• [Assignment]:
Pictures left aside, return the lines below exactly, from the one with "アドバイスをもらって直したオ" to the end, including both ends.

(Dataset excerpts)
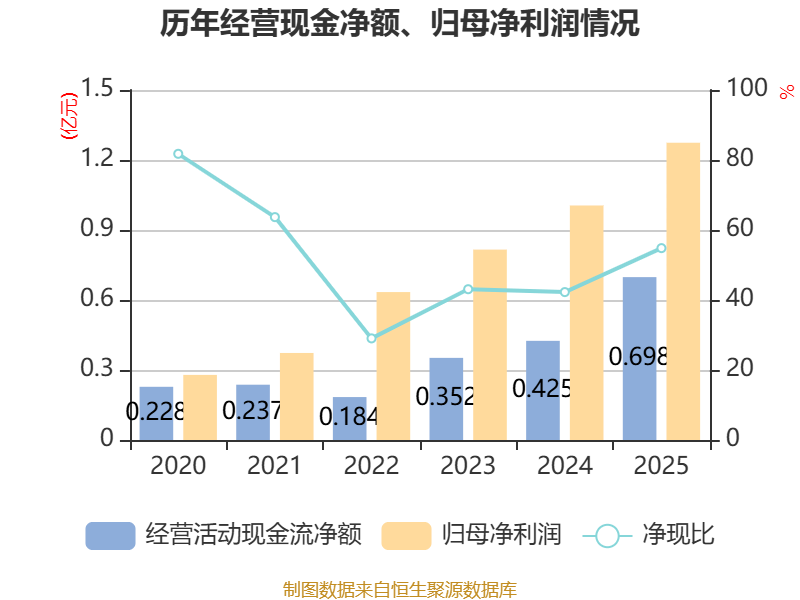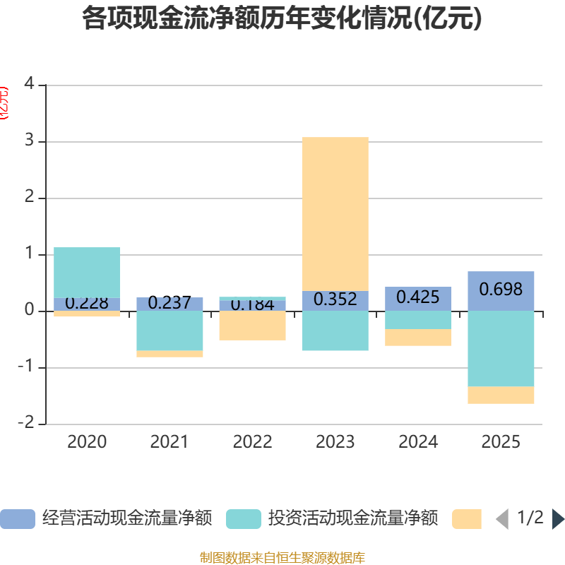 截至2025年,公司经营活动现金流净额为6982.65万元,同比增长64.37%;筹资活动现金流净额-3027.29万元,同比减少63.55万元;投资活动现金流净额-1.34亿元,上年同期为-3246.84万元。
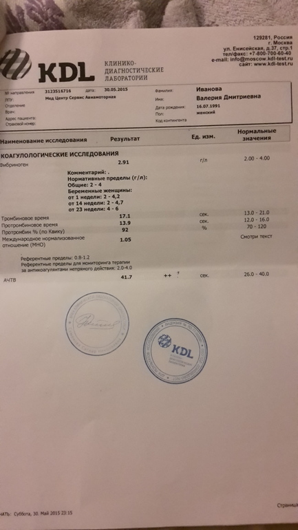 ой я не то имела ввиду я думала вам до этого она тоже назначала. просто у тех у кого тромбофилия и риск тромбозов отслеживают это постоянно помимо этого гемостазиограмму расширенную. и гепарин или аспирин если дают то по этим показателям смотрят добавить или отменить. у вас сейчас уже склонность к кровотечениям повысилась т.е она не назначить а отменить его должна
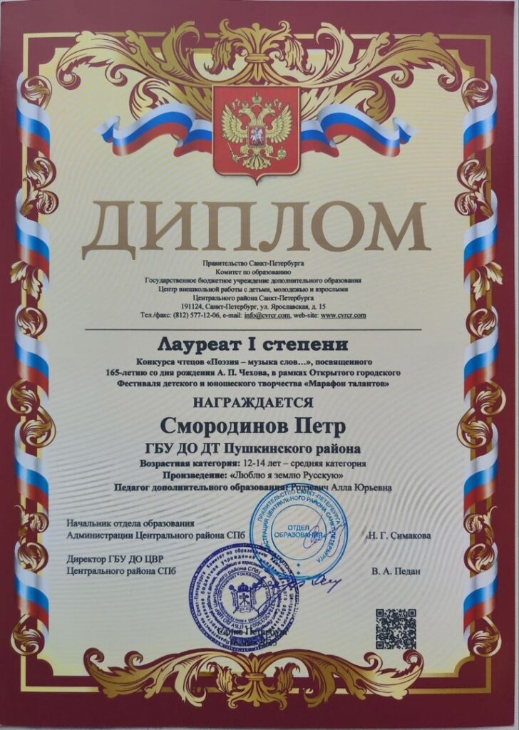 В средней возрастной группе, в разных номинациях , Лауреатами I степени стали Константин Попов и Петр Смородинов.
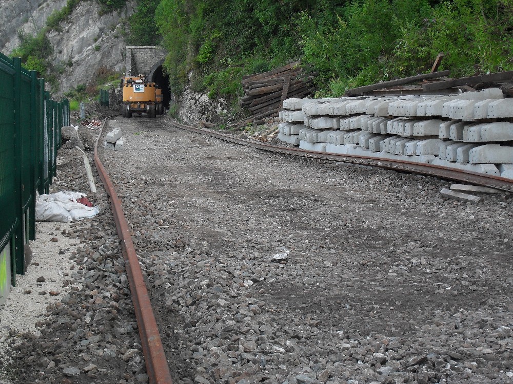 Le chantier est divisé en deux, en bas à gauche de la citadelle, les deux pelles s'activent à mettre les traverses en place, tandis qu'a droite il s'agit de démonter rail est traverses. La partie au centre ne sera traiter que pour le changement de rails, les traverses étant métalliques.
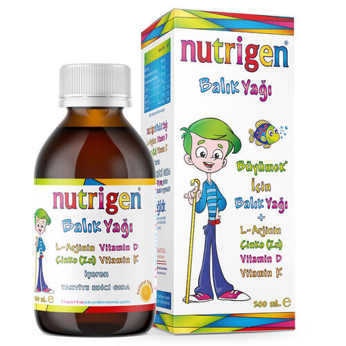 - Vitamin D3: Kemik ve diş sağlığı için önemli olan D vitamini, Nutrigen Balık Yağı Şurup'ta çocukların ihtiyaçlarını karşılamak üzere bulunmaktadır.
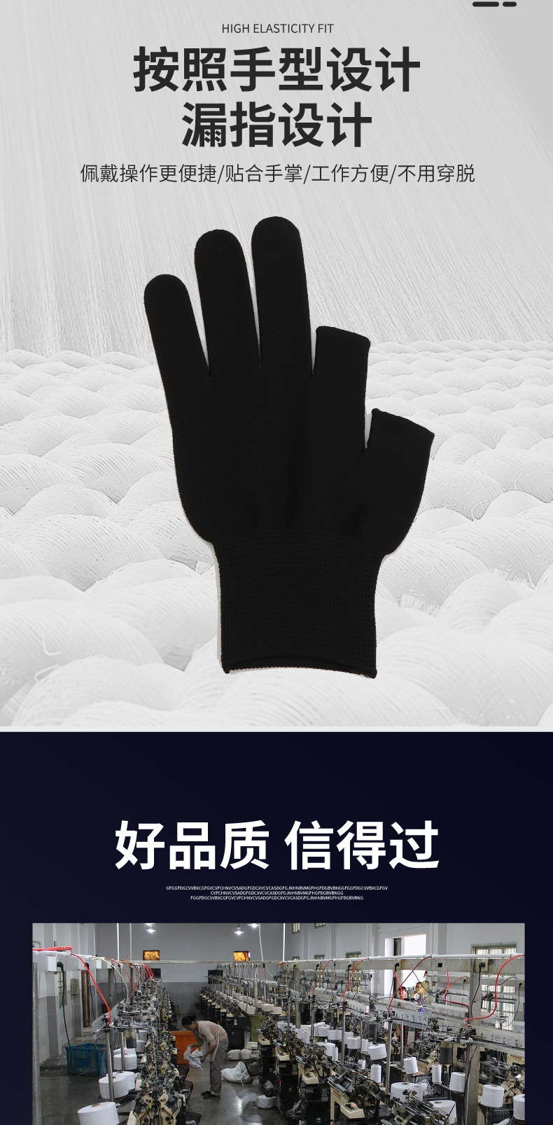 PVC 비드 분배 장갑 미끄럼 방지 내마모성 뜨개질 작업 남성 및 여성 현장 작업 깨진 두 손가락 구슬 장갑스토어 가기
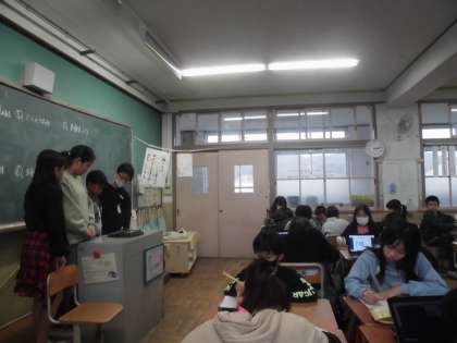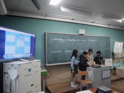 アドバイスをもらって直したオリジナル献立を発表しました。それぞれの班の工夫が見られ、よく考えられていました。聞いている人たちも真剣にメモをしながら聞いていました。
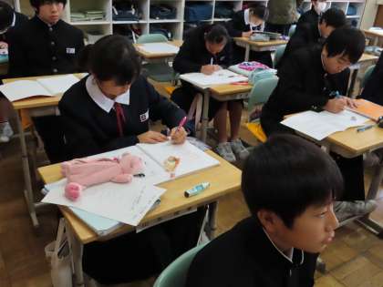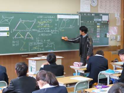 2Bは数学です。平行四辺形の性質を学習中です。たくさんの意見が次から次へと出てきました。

• [Exercise answer]:
 アドバイスをもらって直したオリジナル献立を発表しました。それぞれの班の工夫が見られ、よく考えられていました。聞いている人たちも真剣にメモをしながら聞いていました。
 2Bは数学です。平行四辺形の性質を学習中です。たくさんの意見が次から次へと出てきました。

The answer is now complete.